For testing applications that involve large numbers of channels, pattern generation software makes it possible to use both analog and digital outputs for as many as 40 channels on a single AWG. This is accomplished by assigning bit sequences to both analog and digital outputs.
For complex test requirements, pattern generation tools make it possible to create digital pattern waveforms with a variety of custom-defined impairments and distortions.
In the case of imported text files with predefined bit patterns, these patterns can be edited and modified within the tool after importing. Periodic and sinusoidal jitter with different amplitudes, frequencies and phases can be added to a base pattern, and skew can be applied between both analog and digital channels.
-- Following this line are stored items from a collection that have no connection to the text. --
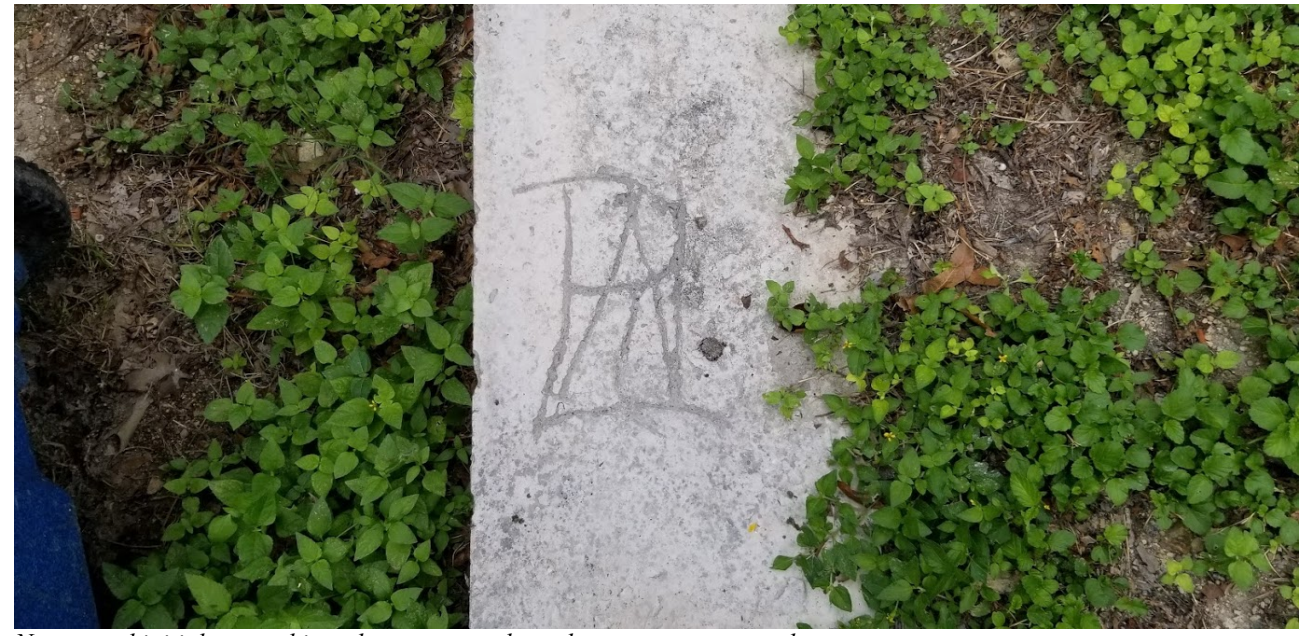
Names and initials carved into the concrete where the garage once stood.
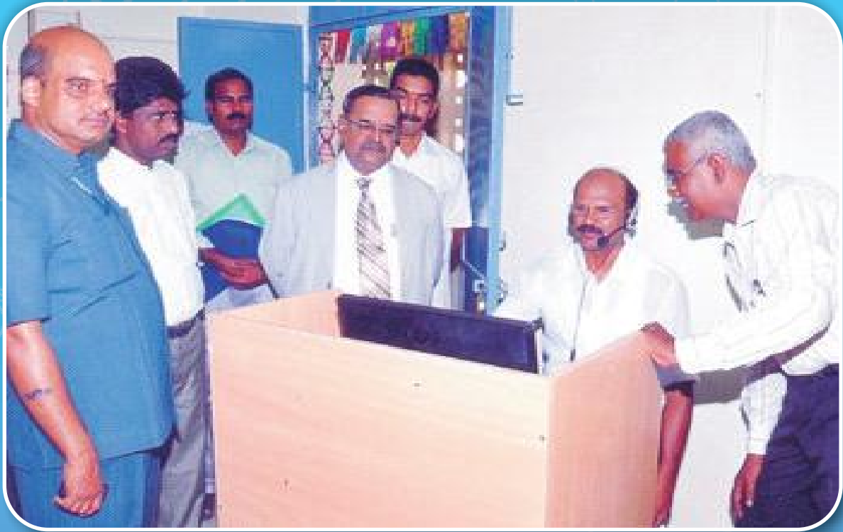
Honourable Minister sharing his jubilation in the Foreign Language Laboratory
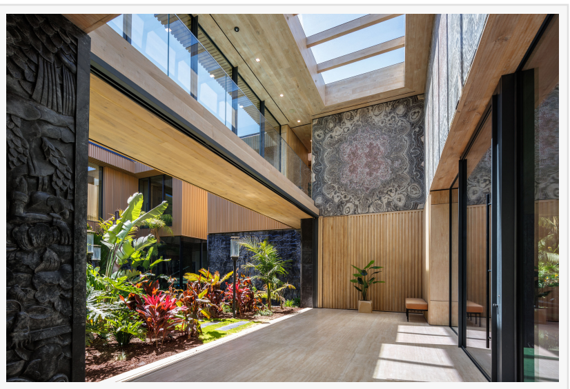
Resort-inspired living with custom-designed details

Premiere Malibu Location Malibu, renowned for its idyllic coastal beauty and exclusive neighborhoods,
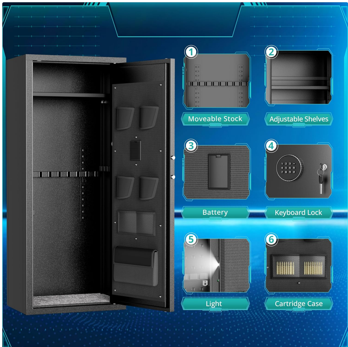
Image: A detailed view of the SUNCROWN Gun Safe's interior, labeling key components such as the moveable stock, adjustable shelves, battery compartment, keyboard lock, internal light, and cartridge case.
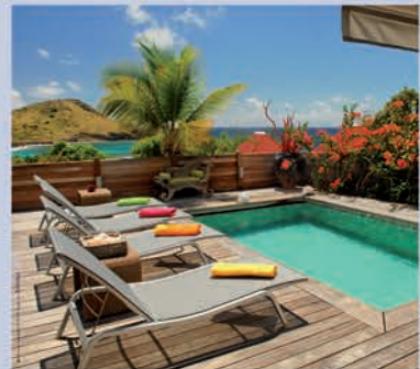
Bet Yam - 3 Bedrooms - Toiny - € 2,200,000

And for LVDS applications, both inter-channel and intra-channel skew can be applied, and LVDS pairs can be created from a single bit pattern by copying and inverting bits.
After importing a data sequence, the pattern generation tool allows for receiver margin testing. Before compiling the waveform, users first select the desired data-rates for margin testing. By selecting a low and high data rate, and by specifying the step increment, the software creates a sequence of waveforms that run the digital pattern through a stepped range of data rates.
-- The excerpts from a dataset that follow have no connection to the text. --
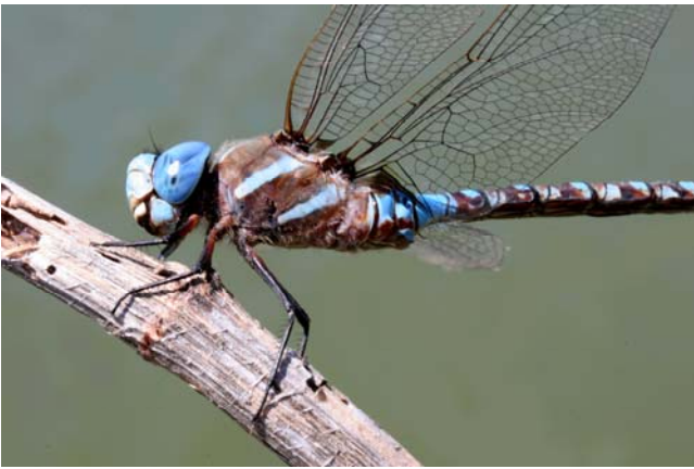
Blue-eyed darner, male.

Larvae have a streamlined body striped or spotted with green and brown. They are climbers that search for prey among the tangles of plant stems and dead plants. They typically have a life cycle that extends for more than a year, although it may be completed in a single year with warm temperatures and abundant prey.
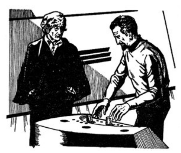
'With the Doomsday Weapon in our control,' said the Master 'we can rule all life...'

Using their buggies for quick transport, Captain Dent and the IMC men were now 35 safe kilometres away from the colonists' spaceship. Only one IMC guard remained near, a volunteer who was sitting lookout on a hill near the colonists' dome, using night binoculars for any sign of the colonists leaving their craft. Once back in his ship, Captain Dent went straight to the control room and sat comfortably in his captain's chair. He turned to the radio microphone.
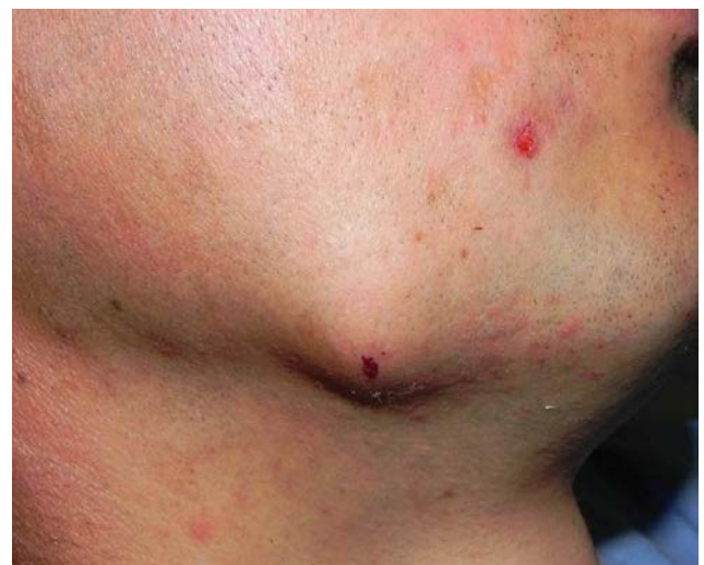
Figure 1. Extraoral photograph shows a swelling on the right mandibular posterior region

asymmetry in the right mandibular region. He didn't have a history of trauma or injury to his jaw and had a non-contributory medical history. Extraoral examination revealed a diffuse swelling measuring about 1cm. x 1,5 cm. and it had an oval shape (Figure 1). On palpation the swelling was non-tender and bony hard and it was strongly attached to the body of mandible. Skin overlying the swelling showed adhesion because of the mass due to local irritation and trauma. Intraoral examination revealed a well-defined subperiosteal mass on the buccal plate of the right mandible which extended from the right lower of first molar to the second molar. Overlying mucosa was normal and the lesion was hard to palpate. Additionally, we examined a deep carious lesion in the mandibular right first molar and it had exposed pulp.
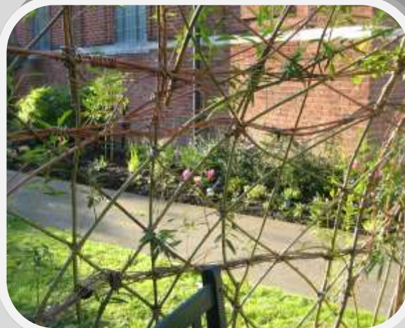
St John's transformed garden

Sunday 25 th Oct 10.30am, Harvest Festival service followed by lunch.
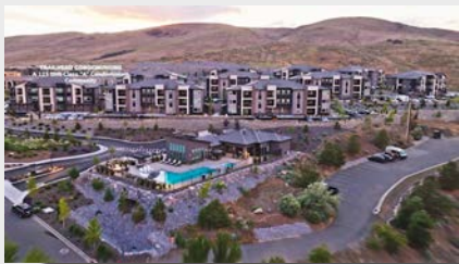
Trail Head Condominiums @ Keystone Canyon

Alternatively, margin testing with skew, jitter, amplitude, and offset adjustments can be realized with individual signal parameter selections. It’s also possible to adjust the amplitude, as well as add skew and periodic jitter. Offset can be adjusted in the AWG after signals are assigned to a given output.
Push the limits
Despite the emergence of wireless and fiber optic transmissions, plenty of data transmissions still go through good old-fashioned copper using LVDS signaling. With its combination of high performance, low power consumption and immunity to EMI, LVDS continues to serve in wide range of high-performance applications.
True margin and stress testing of LVDS devices involves the use of complex waveforms such as bio signals for medical applications, automotive test bus signal simulations and telecommunications network testing as well as the need to add a range of impairments. The recent availability of high-channel-count AWGs coupled with pattern generation software significantly simplifies the task of thoroughly testing LVDS devices.